Thanks to the online tool, at a rate of 20 iterations per hour, we may rely on circa 1000 triplets \(\langle \)task, recipe, evaluation\(\rangle \) in approximately one week, where:

  • tasks may be differentiated on the basis of both the involved tester and the face to be enhanced: we may in fact suppose that the evaluation answers differ both from tester to tester on a same picture, and from face to face on the same tester;

  • recipes will be generated through slight modifications of the current anthropomorphic parameters, thanks to fuzzy rules properly tuned by the learning algorithm on the basis of the tester fuzzified evaluations. An excerpt of a prototypical recipe could be:

    $$\begin{aligned} \begin{array}{l} \langle \mathrm{face width,} +3.26 \rangle \\ \langle \mathrm{face height,} -2.41 \rangle \\ \ldots \\ \langle \mathrm{nose length,} +1.63 \rangle \\ \end{array} \end{aligned}$$

    where we used as value of each pair the shift the corresponding anthropomorphic parameter should be affected by;

  • users provide their evaluations at each image modification through a suitable Likert scale.

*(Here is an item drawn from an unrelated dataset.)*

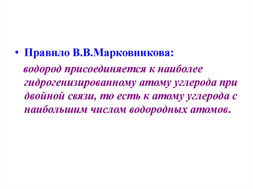 • Правило В.В.Марковникова:водород присоединяется к наиболее

In this way we may plan to gather operational indications for the training of FIS on our actual appliances’ testbed. Namely, in both cases the evaluation criteria, expressed in the discrete range \(\{-5,\ldots ,+5\}\), guide the learning system in the selection of a dozen operational parameters, each affecting the results of the process (pleasant face in one case, good bread, soft laundry, etc. in the other one). Analogously, since the relation underlying user evaluation and operational parameters is unknown, we will rely on a set of rules, synthesizing a general wisdom, whose premises are mainly fuzzy while their consequences are metric. Also for the face experiment we will use the proposed special Sugeno system where some of the metric variables in input to the premises (precisely those referred to the user evaluations) are hidden.

3.2 The goal testbed

In an extreme synthesis, we are setting up the SandS ecosystem (Apolloni et al. 2013, 2015) which deals with a social network aimed at producing recipes with tools of computational intelligence, to be dispatched to household appliances grouped in homes via a domestic WiFi network. A recipe is a set of scheduled, possibly conditional, instructions (hence a sequence of evaluated parameters such as water temperature or soak duration) which completely define the running of an appliance. They are managed by a home middleware to be properly transmitted to the appliance via suitable protocols.

Fig. 7
figure 7

The SandS super-mom

The entire contrivance is devised to optimally carry out usual housekeeping tasks through a proper running of home appliances with a minimal user intervention. Feedbacks are sent by the housekeepers and appliances themselves to a networked intelligence module (in the role of a virtually electronic super-mom in Fig. 7) to close the continuous recipe optimization loop. In this cadre, experts and appliance manufacturers may contribute with off-line advices and suggestions. An electronic board interfaces each single appliance to the home middleware.Footnote 3

Table 4 An excerpt of washing machine recipe

An excerpt of a recipe for washing machine is reported in Table 4. It consists of two tables; with the former we fix the parameters that characterize the working cycle to be executed by the machine; with the latter we list the sequence of instructions that are sent step by step to the machine to implement this working cycle.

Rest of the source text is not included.